Ricordo che le regole fondamentali di una sbronza sono tre. Uno, fallo in un posto dove nessuno ti può vedere. Due, non utilizzare il telefono per contattare qualcuno, soprattutto se con quel qualcuno c'è un problema. Tre, fallo, se devi, con delle persone di cui ti fidi e che terranno lontano da te quell'aggeggio infernale che è il telefonino.
Mi rendo conto che la prima regola l'ho attuata diligentemente. Ma per la seconda e la terza ho qualche disturbo a poterla eseguire. Sembra come se, il mio cellulare, mi chiamasse per dirmi di fare l'ennesima cazzata della giornata. Purtroppo non vedo nessuna motivazione per la quale non farla. Le mie amiche non ci sono, mia madre dorme e non vedo nessuno che mi possa tenere lontana dai guai.
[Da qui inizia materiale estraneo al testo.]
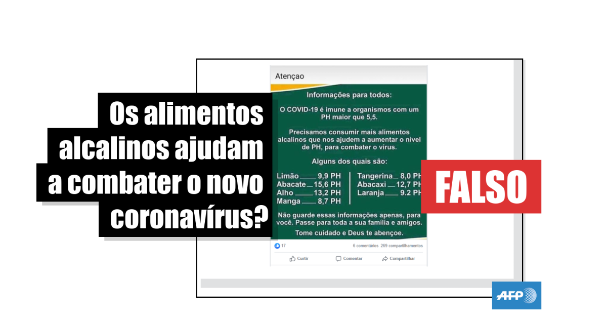 “O COVID-19 é imune a organismos com um PH maior que 5,5. Precisamos consumir mais alimentos alcalinos que nos ajudem a aumentar o nível de PH, para combater o vírus. Alguns dos quais são: Limão - 9,9 PH, Abacate - 15,6 PH, Alho - 13,2 PH, Manga - 8,7 PH, Tangerina - 8,0 PH, Abacaxi - 12,7 PH, Laranja - 9,2 PH. Não guarde essa informação apenas, para você. Passe para toda a sua família e amigos. Tome cuidado e Deus te abençoe [sic]”, diz o texto de uma imagem publicada no último dia 22 de abril e compartilhada centenas de vezes no Facebook. Uma série de outras postagens (1, 2, 3) também circulou nesta rede social e no Instagram.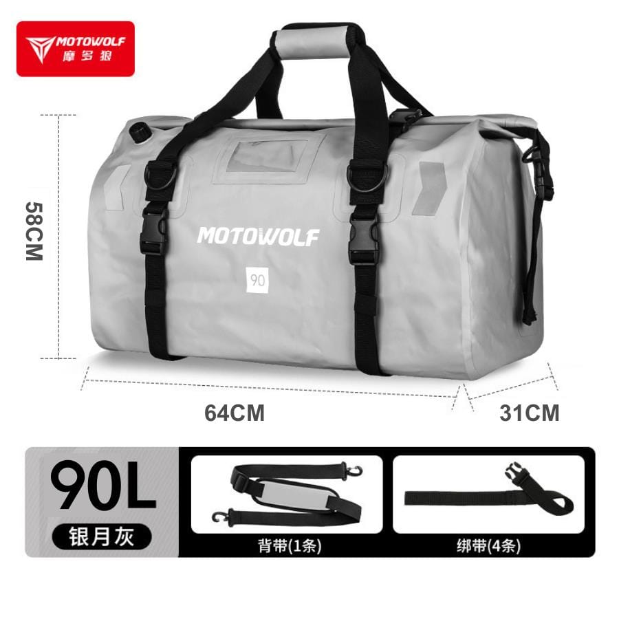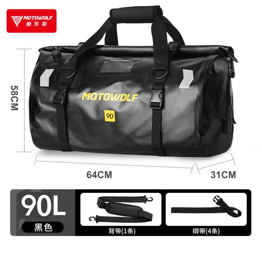 Túi Motowolf MDL 0717 90 Lít Vàng mặc dù mới được công ty Motowolf cho ra mắt gần đầy. Nhưng lại được anh em Biker đón nhận nồng nhiệt. Túi được sản xuất với 9 màu sắc là đen, đen vàng, đen đỏ,… Điểm đặc biệt, với sản phẩm này là công ty đã thay thế dây ràng thành dây gài đơn giản và dễ sử dụng. Túi với khả năng chống nước 100%, dung tích 40L, 66L và 90L. Thích hợp cho các chuyến đi phượt dù ngắn hay dài của anh em.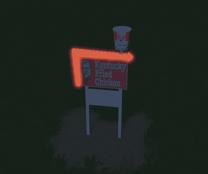 KFC sign with light illuminating arrow, for use with my 1963 KFC diner.

Barcollante mi dirigo verso il divano per prenderlo. Me lo rigiro tra le mani e inizio a scrivere un lungo messaggio. Il vino però rallenta i miei istinti e impiego più di un'ora per scrivere una ventina di righe. In vino veritas si dice, e se dovesse essere realmente così, tutte le parole che si susseguono sono dettate esclusivamente dal mio cuore. È da codardi scrivere piuttosto che comunicare occhi negli occhi e in un barlume di coscienza cancello le mille frasi che meritano di essere pronunciate e non dedicate tramite una forma di comunicazione così sterile.
Digito il numero e chiamo.
≪ Beverly, che succede?≫
Il tono allarmato mi rallegra un pochino. Si preoccupa per me. Sono tre settimane che non ci sentiamo. Sicuramente sarà più sorpreso che altro.
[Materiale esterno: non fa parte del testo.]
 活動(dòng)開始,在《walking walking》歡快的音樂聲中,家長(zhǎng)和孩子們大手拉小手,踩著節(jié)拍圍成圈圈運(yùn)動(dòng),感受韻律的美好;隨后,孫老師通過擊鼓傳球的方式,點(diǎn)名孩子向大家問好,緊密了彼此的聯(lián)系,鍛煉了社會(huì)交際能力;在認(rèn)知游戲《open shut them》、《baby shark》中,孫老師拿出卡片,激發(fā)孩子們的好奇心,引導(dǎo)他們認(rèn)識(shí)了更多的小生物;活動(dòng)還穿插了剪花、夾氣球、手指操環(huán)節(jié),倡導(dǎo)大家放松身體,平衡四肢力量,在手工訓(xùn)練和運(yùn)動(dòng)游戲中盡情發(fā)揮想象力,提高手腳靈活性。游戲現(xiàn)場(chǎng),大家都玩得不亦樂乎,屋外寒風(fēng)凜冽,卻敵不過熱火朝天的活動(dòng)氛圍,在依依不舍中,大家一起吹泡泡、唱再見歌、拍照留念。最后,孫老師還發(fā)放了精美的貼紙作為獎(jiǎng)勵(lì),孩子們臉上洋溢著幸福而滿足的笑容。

≪Ehm, volevo solo sapere come stai≫ biascico sotto voce.
≪Tutto ok, ma sei ubriaca.≫
Afferma. Non pone domande. Lo sa. Lo sente.
≪Forse brilla. Ma sto bene. Volevo solo sentire la tua voce.≫
Sento sospirare dall'altro capo del telefono e mi rendo conto che è stata una pessima idea.
≪Sì... capisco. Adesso dovrei andare, ma mi ha fatto piacere sentirti.≫
In sottofondo sento delle voci. Più che altro di donne. Qualcosa a proposito di tende da mettere in camera da letto.
≪Con chi sei Jackson?≫ Il bisogno di sapere tutto mi corrode.
≪Sono in un centro commerciale. Avevo delle commissioni da fare.≫
≪Non hai risposto alla mia domanda.≫
≪Sono con Alyson.≫
Freddo e affermativo.
≪Me l'aspettavo.≫
≪Non è come credi... ≫Indugia per qualche secondo ma non gli permetto di continuare. Chiudo con un click la conversazione.